I want to report the error in S as S ± error.
I have checked several online resources. I found many equations of how the error of propagation is derived but I couldn't find a specific equation that help me estimate the error in S based on the errors of A and B?
I'll highly appreciate any suggestion what is the equation I should use to estimate the error in S based on its two components A and B?
UPDATE
In this webpage about propagation of errors.
https://www.lhup.edu/~dsimanek/scenario/errorman/propagat.htm
In 3.5 Examples
Example no (2) below is similar to my case but not the same. First, my question is about 2 variables only A and B. In addition, there is subtraction in the nominator in my case not summation. Yet, they have not estimated the correlation between the three parameters G , H and Z.

A quantity Q is calculated from the law:
Q = (G+H)/Z,
and the data is:
G = 20 ± 0.5
H = 16 ± 0.5
z = 106 ± 1.0

 A: You should be able to get at this by using the delta method. I've made a post here: estimation of population ratio using delta method
about the delta method on a ratio which you can use the argument to give you exactly what you need. The final result is: 
$$1-\frac{B}{A}=\frac{A-B}{A} \sim N\left(1-\frac{\mu_B}{\mu_A}, \frac{\sigma^2}{n}\right)$$ 
Here $\sigma^2 = \frac{\sigma_B^2}{n\mu_B^2} - 2\frac{\sigma_{BA}}{\mu_B^2}+\frac{\sigma^2_A\mu_B^2}{n\mu_B^4}$. As I mentioned in the comment you'll either need to estimate the covariance $\sigma_{AB}$ (equivalently the correlation $\rho$) or assume the covariance is 0. 

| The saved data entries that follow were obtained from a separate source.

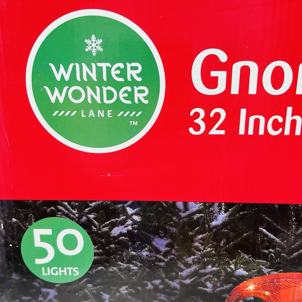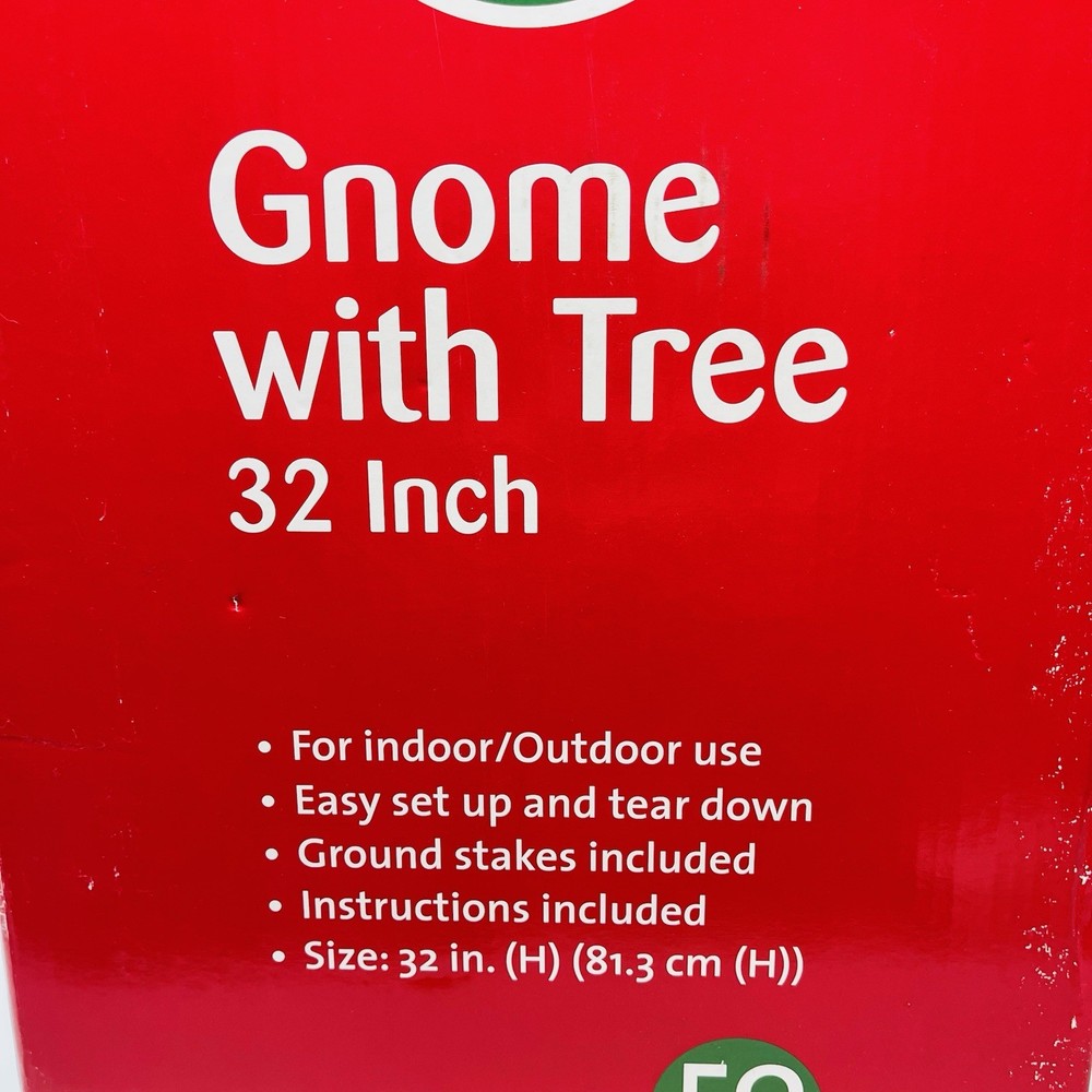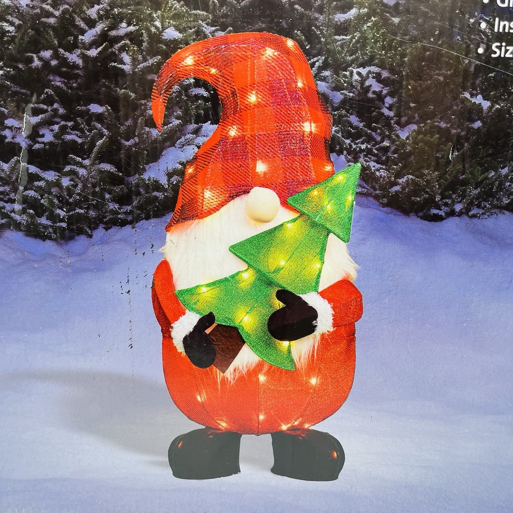 32" Light-Up Santa Gnome w/ Tree Christmas Yard Decor Art w/ 50 LED White Lights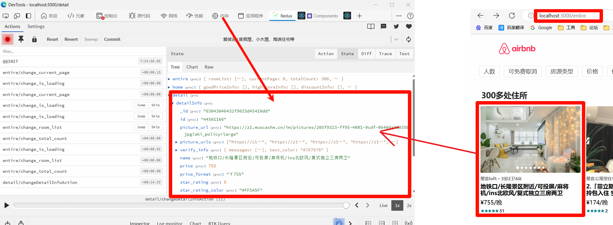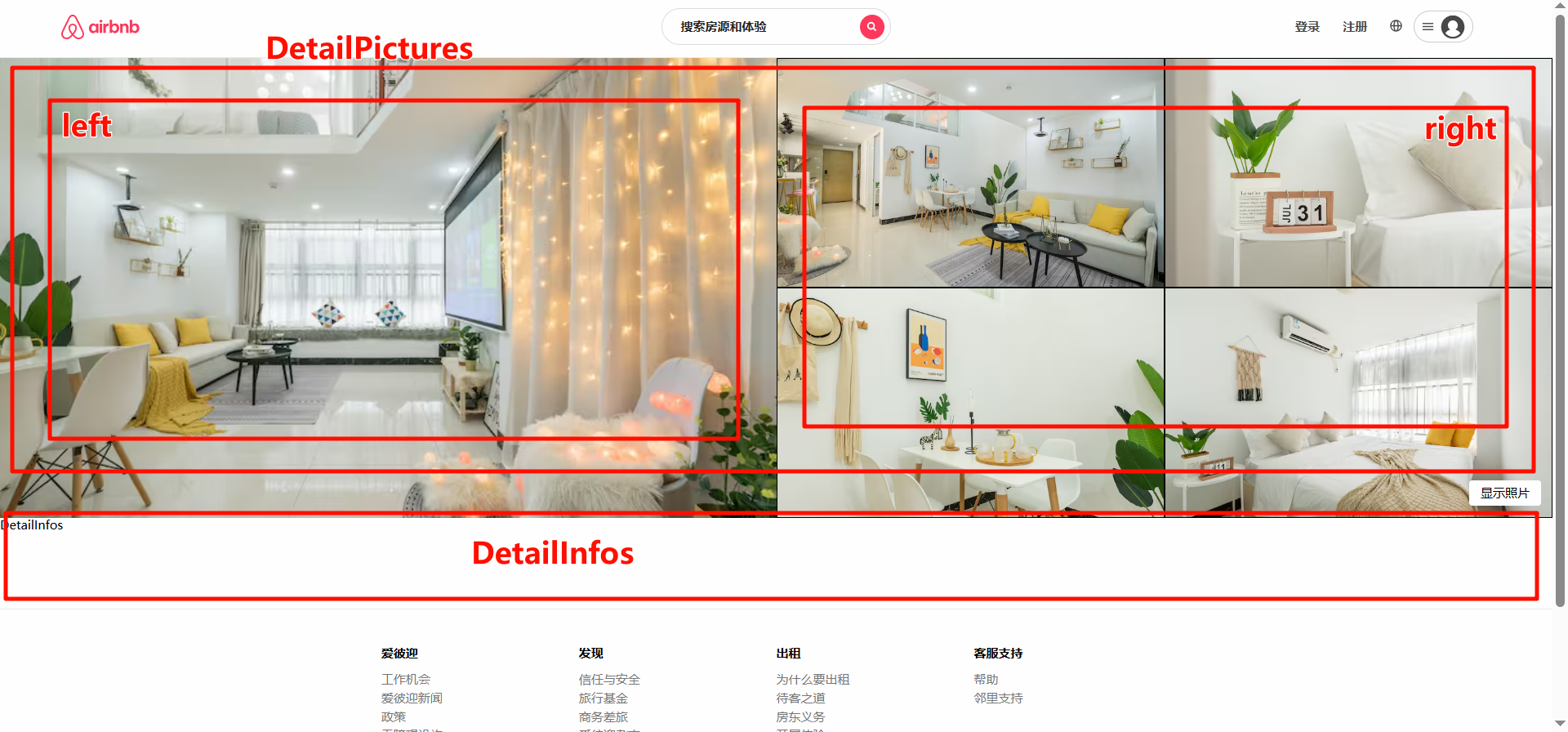 考虑到 RoomItem 组件首页与 entire 页都要用,且只有点击 entire 页的房屋 item 才跳转到 Detail。所以 RoomItem 的单击事件不在 RoomItem 组件中实现,谁用谁通过 props 传过来单击事件的实现。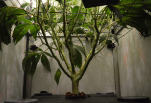 Purple Berry Muffinz is uitgebloeid en doet het in haar laatste dagen op water alleen. Zo ‘spoelt’ het chlorofyl weg en blijft heerlijke wiet over.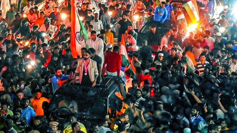 ഇന്ത്യന് ടീമിന്റെ വിജയാഘോഷത്തിലും അനുമോദന ചടങ്ങിലും പങ്കെടുത്ത ശേഷം ഹൈദരാബാദിലെത്തിയ മുഹമ്മദ് സിറാജിന് ഊഷ്മള സ്വീകരിണമാണ് ലഭിച്ചത്.. രാജീവ് ഗാന്ധി അന്താരാഷ്ട്ര വിമാനത്താവളത്തിലെത്തിയ സിറാജിന് ആരാധകരുടെ വന് കൂട്ടമാണ് സ്വീകരിച്ചത്.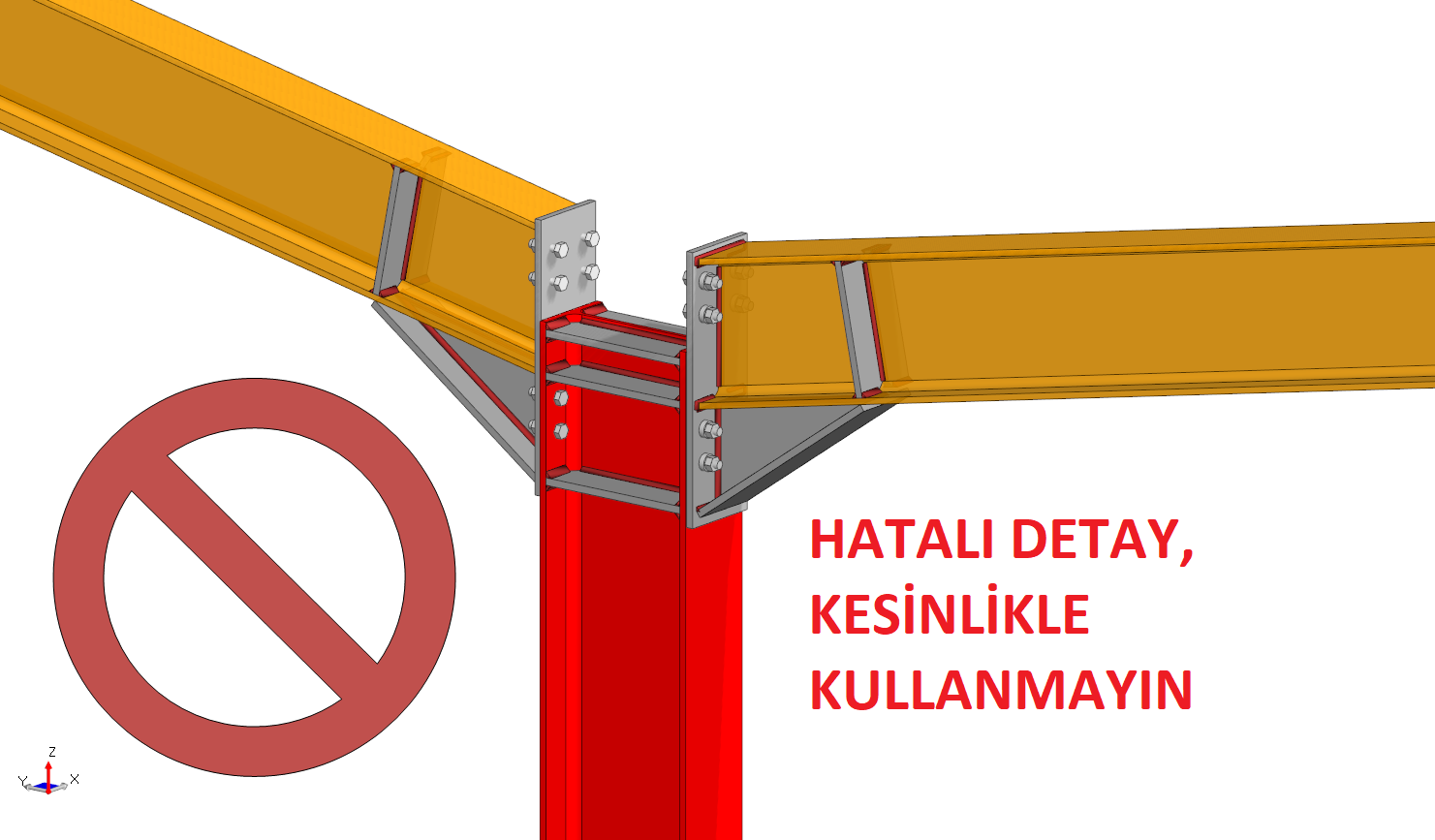 Bu detay statik açıdan çok hatalıdır. Kirişin çekme bölgesi boşta, birleşim kesinlikle moment taşımamaktadır. Uygulanması gereken guseli detay: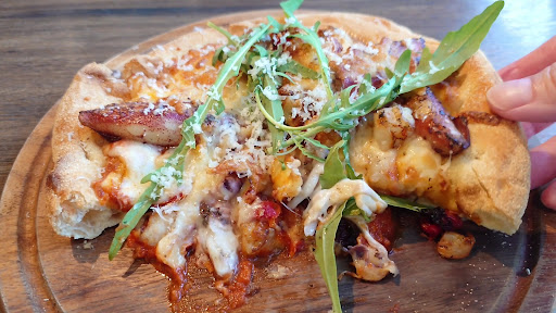 小卷 Pizza 420 元 ~ 餅皮偏厚式,吃起來像法式麵包的口感,香香酥酥,非常好吃,起司部份也不錯,唯獨小卷偏小,也烤得太焦了一點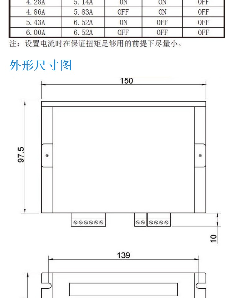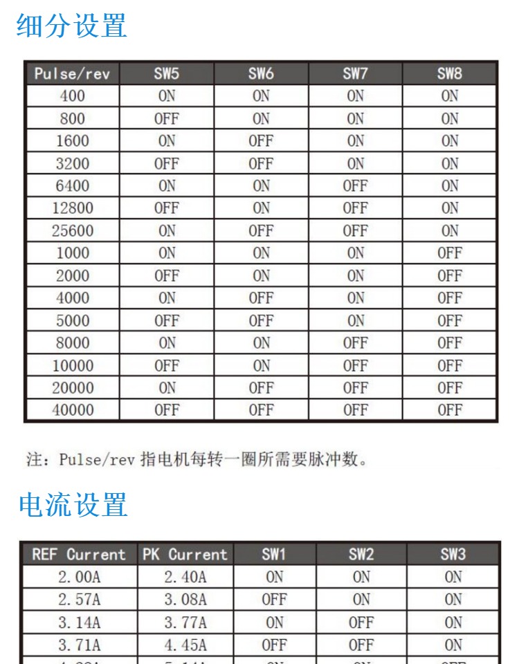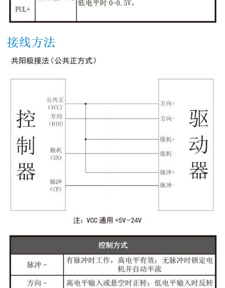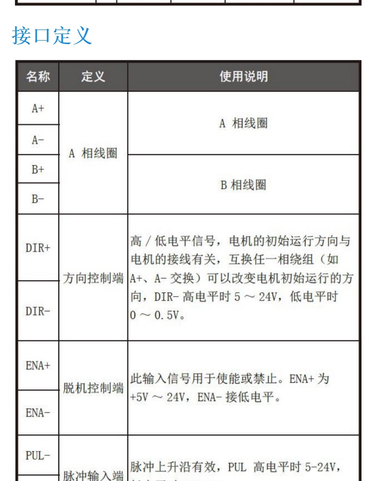 步進(jìn)電機(jī)驅(qū)動(dòng)器的電流 電流是判斷步進(jìn)電機(jī)驅(qū)動(dòng)器能力的大小,是選擇驅(qū)動(dòng)器的重要指標(biāo)之一,通常驅(qū)動(dòng)器的****電流要略大于電機(jī)標(biāo)稱電流,通常驅(qū)動(dòng)器有2.0A、3.5A、6.0A、8.0A等規(guī)格。 步進(jìn)電機(jī)驅(qū)動(dòng)器供電電壓 供電電壓是判斷驅(qū)動(dòng)器升速能力的標(biāo)志,常規(guī)電壓供給有:24VDC、40VDC、80VDC、110VAC等。 步進(jìn)電機(jī)驅(qū)動(dòng)器的細(xì)分 細(xì)分是控制精度的標(biāo)志,通過(guò)增大細(xì)分能改善精度。細(xì)分能增加電機(jī)平穩(wěn)性,通常步進(jìn)電機(jī)都有低頻振動(dòng)的特點(diǎn),通過(guò)加大細(xì)分可以改善,使電機(jī)運(yùn)行非常平穩(wěn)。 控制信號(hào)接口說(shuō)明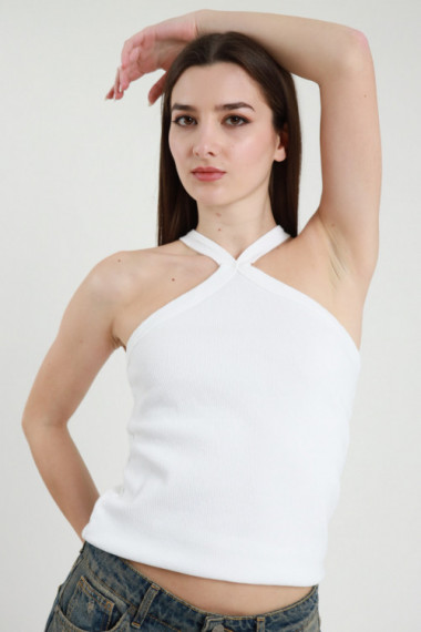 Elastisches, geripptes Tanktop mit quadratischem Ausschnitt. 70 %vi 25 %co 5 %ea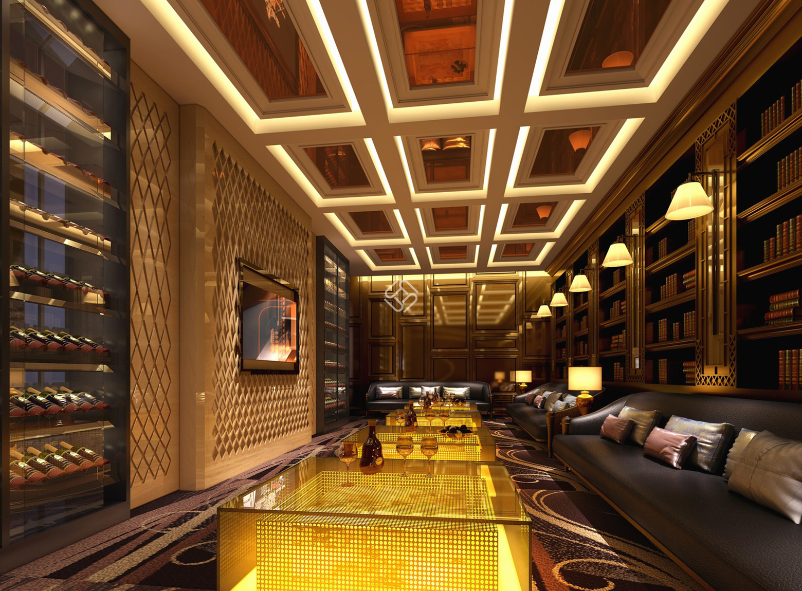 ,創(chuàng)造出具有層次感的空間。結(jié)構(gòu)設(shè)計(jì):運(yùn)用石材、浮雕和拼花等裝飾元素,巧妙地打造出立體感強(qiáng)烈的墻面和天花板結(jié)構(gòu),增加了空間的層次感。燈光
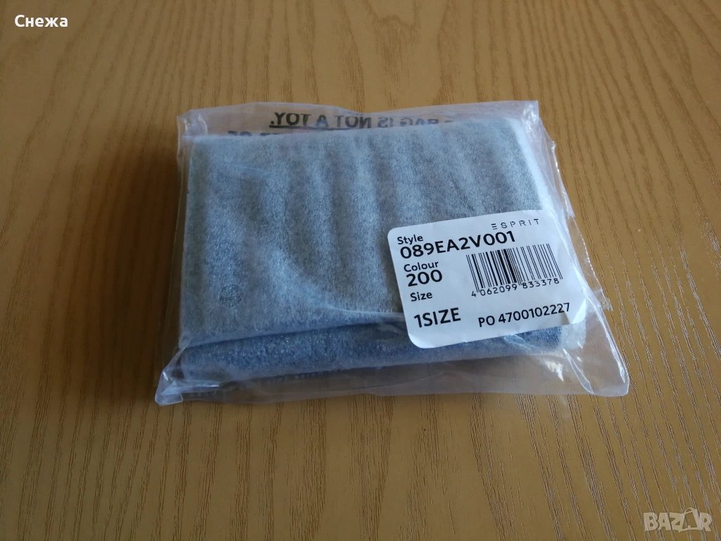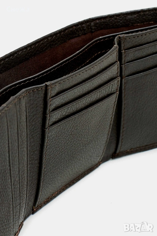 Портфейла е чисто нов с етикета и в оригиналната си найлонова опаковка. На фирмата Esprit e с номер на модела 089EA2V001. Вертикален тип е и е изработен от мека и приятна на допир "тъмнокафява" телешка естествена кожа, като в процеса на обработка са използвани натурални вещества. В по-голямата част кожата на портфейла е релефна с лого на фирмата "Е". Подплата от плат от вътрешната страна. Портфейла е малък и разполага с множество от отделения за карти или има общо:- 8 отделения за карти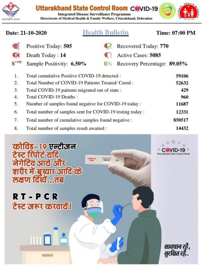 अब तक राज्य में कुल 850517 लोगों की जांच रिपोर्ट निगेटिव आ चुकी है,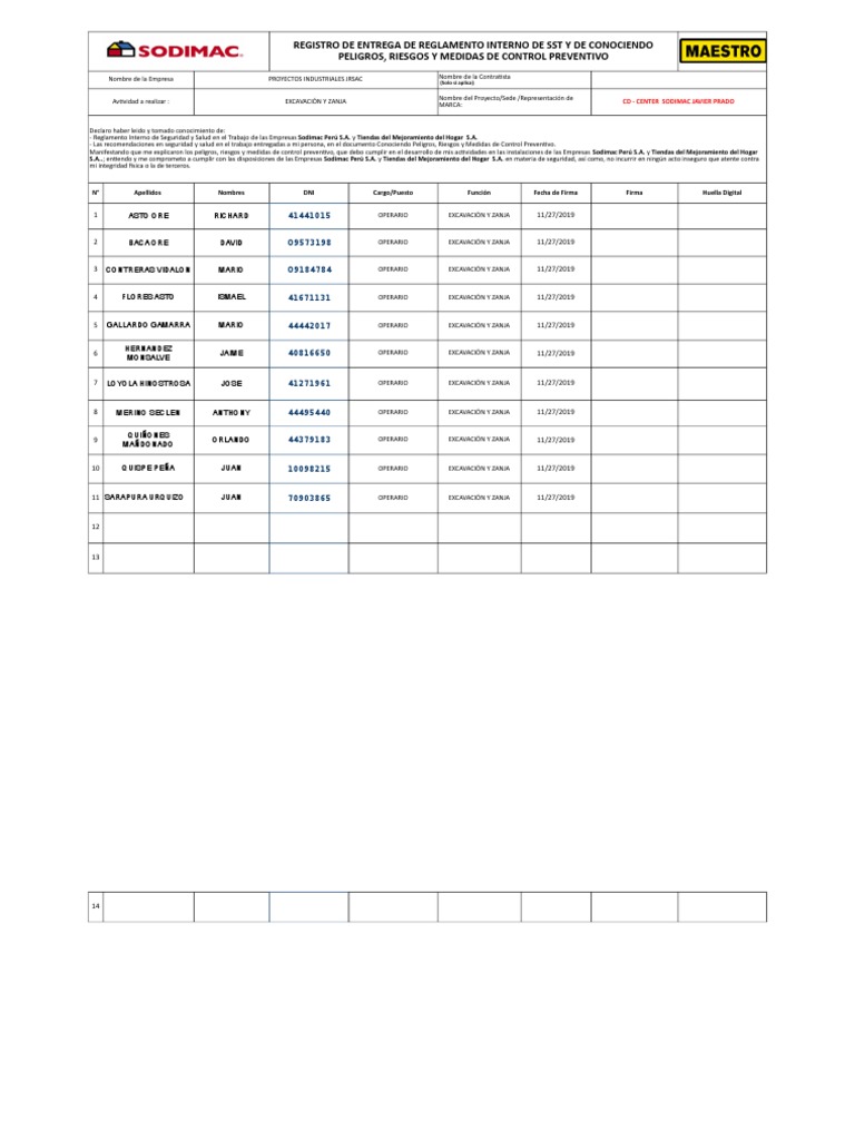 11 SARAPURA URQUIZO JUAN 70903865 OPERARIO EXCAVACIÓN Y ZANJA 11/27/2019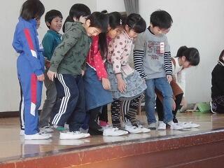 今日のあかまっ子タイムに表現活動を行いました。2年生がインフルエンザによる学年休業中だったので、全校で集まることはせず、保護者と学校運営協議会委員と一部の教師の前での発表となりました。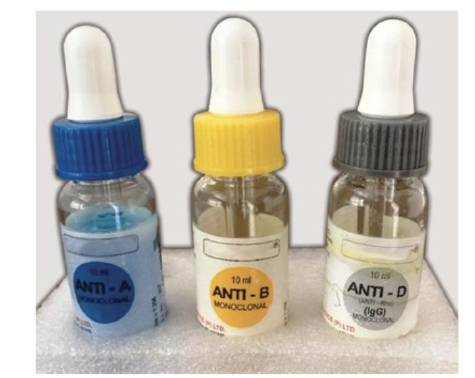 Commercially available Anti-A, anti-B, anti-D serum - blood grouping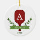 Ornamento de Navidad de Pickleball Personalizado. Conmemorar su año de pickleball jugando con un adorable adorno festivo. Personalice con un primer interior de la paleta, y añada su nombre y año. Se muestra en una paleta clásica roja y verde con un pickleball amarillo estándar, pero TODOS LOS COLORES SON EDITABLES POR TI. Puede elegir nuevos colores para el remo, el pickleball, el holly + bayas, el banner y el texto. Asegúrese de hacer los mismos cambios al otro lado del adorno. © Kimbellished, LLC

From the data you provided in this post and assuming a $1.96$ multiplier to get 95% confidence intervals. I get the following for the parameter estimates: 
$\mu_A =778$, $\mu_B=388$, $\sigma^2_A=15.3061^2$,$\sigma^2_B=6.1224489^2$. Then $1-\mu_B/\mu_A=0.5076$ and $\sigma^2/n =0.0004376/n$. You can then again use $1.96$ as a multiplier on the standard deviation $\sigma$ to get a 95% confidence interval for this quantity. Here in my calculation for $\sigma^2$ I'm assuming the covariance is 0.